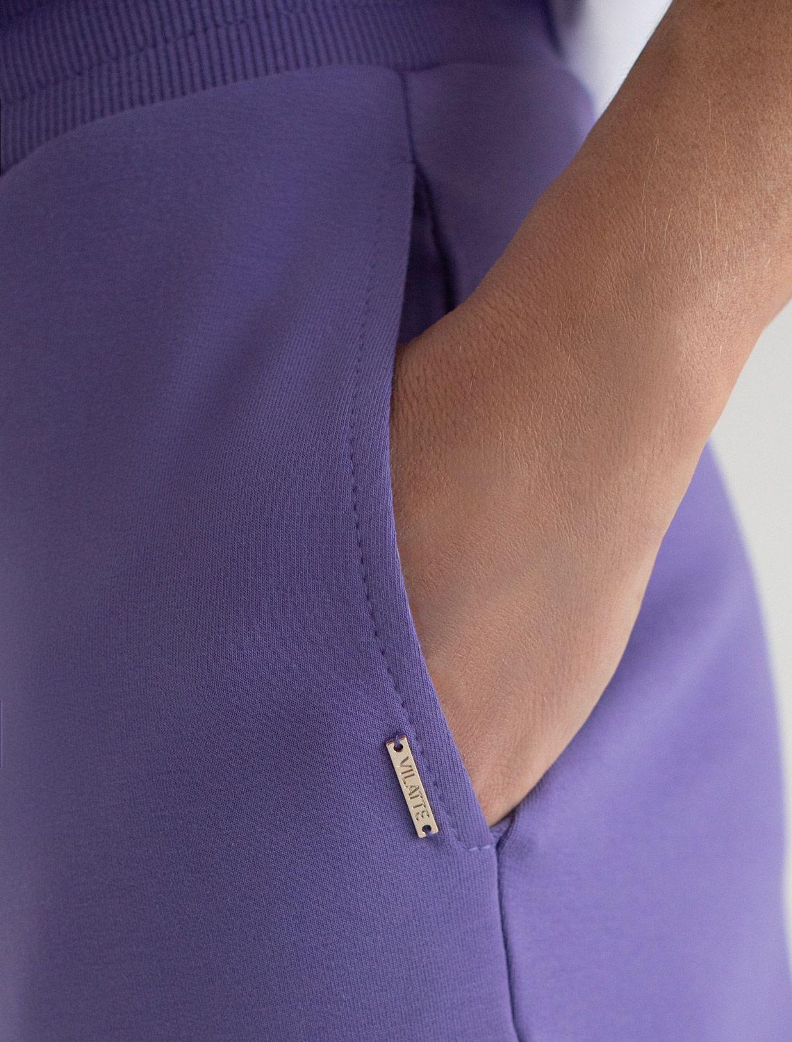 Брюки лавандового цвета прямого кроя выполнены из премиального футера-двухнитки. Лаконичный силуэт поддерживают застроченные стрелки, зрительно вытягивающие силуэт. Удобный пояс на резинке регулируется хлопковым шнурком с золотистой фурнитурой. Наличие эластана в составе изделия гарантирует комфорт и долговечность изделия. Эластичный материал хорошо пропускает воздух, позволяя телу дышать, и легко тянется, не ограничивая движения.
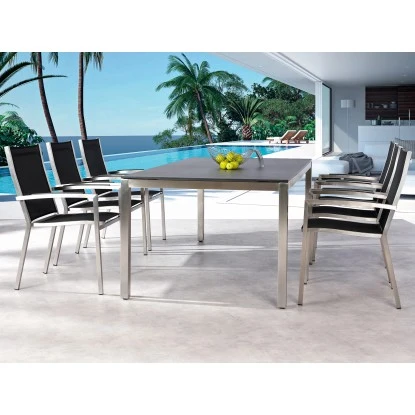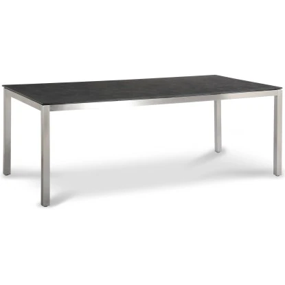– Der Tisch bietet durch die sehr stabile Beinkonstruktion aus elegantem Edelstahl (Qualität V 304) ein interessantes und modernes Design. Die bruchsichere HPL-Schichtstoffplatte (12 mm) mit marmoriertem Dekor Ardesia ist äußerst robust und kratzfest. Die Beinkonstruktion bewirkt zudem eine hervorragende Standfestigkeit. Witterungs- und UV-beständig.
...
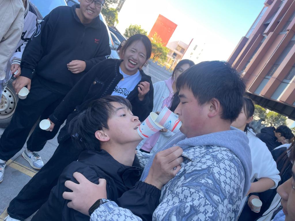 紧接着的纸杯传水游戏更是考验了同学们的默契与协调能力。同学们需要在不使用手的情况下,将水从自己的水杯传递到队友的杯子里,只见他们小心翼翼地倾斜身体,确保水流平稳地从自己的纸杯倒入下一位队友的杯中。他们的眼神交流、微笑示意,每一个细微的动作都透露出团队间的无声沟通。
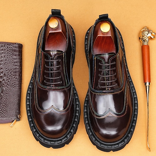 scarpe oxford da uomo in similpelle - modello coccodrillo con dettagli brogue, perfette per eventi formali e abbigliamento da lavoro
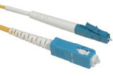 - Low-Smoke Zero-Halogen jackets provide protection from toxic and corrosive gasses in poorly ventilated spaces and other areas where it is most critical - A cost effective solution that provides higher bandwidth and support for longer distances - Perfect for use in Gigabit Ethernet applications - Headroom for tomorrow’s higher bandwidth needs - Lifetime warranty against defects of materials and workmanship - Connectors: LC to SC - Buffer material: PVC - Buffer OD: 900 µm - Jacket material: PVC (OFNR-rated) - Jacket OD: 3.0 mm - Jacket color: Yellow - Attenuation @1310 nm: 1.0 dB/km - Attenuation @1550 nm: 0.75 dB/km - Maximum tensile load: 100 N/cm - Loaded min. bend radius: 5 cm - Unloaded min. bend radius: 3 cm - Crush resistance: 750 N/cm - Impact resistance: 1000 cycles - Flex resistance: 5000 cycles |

## [EXERCISE INSTRUCTIONS]
Set the pictures aside and transcribe exactly the stretch of lines above, beginning with the one holding "Брюки лавандового цвета" and ending with the one holding "Witterungs- und UV-beständig.".

## [TASK SOLUTION]
 Брюки лавандового цвета прямого кроя выполнены из премиального футера-двухнитки. Лаконичный силуэт поддерживают застроченные стрелки, зрительно вытягивающие силуэт. Удобный пояс на резинке регулируется хлопковым шнурком с золотистой фурнитурой. Наличие эластана в составе изделия гарантирует комфорт и долговечность изделия. Эластичный материал хорошо пропускает воздух, позволяя телу дышать, и легко тянется, не ограничивая движения.
– Der Tisch bietet durch die sehr stabile Beinkonstruktion aus elegantem Edelstahl (Qualität V 304) ein interessantes und modernes Design. Die bruchsichere HPL-Schichtstoffplatte (12 mm) mit marmoriertem Dekor Ardesia ist äußerst robust und kratzfest. Die Beinkonstruktion bewirkt zudem eine hervorragende Standfestigkeit. Witterungs- und UV-beständig.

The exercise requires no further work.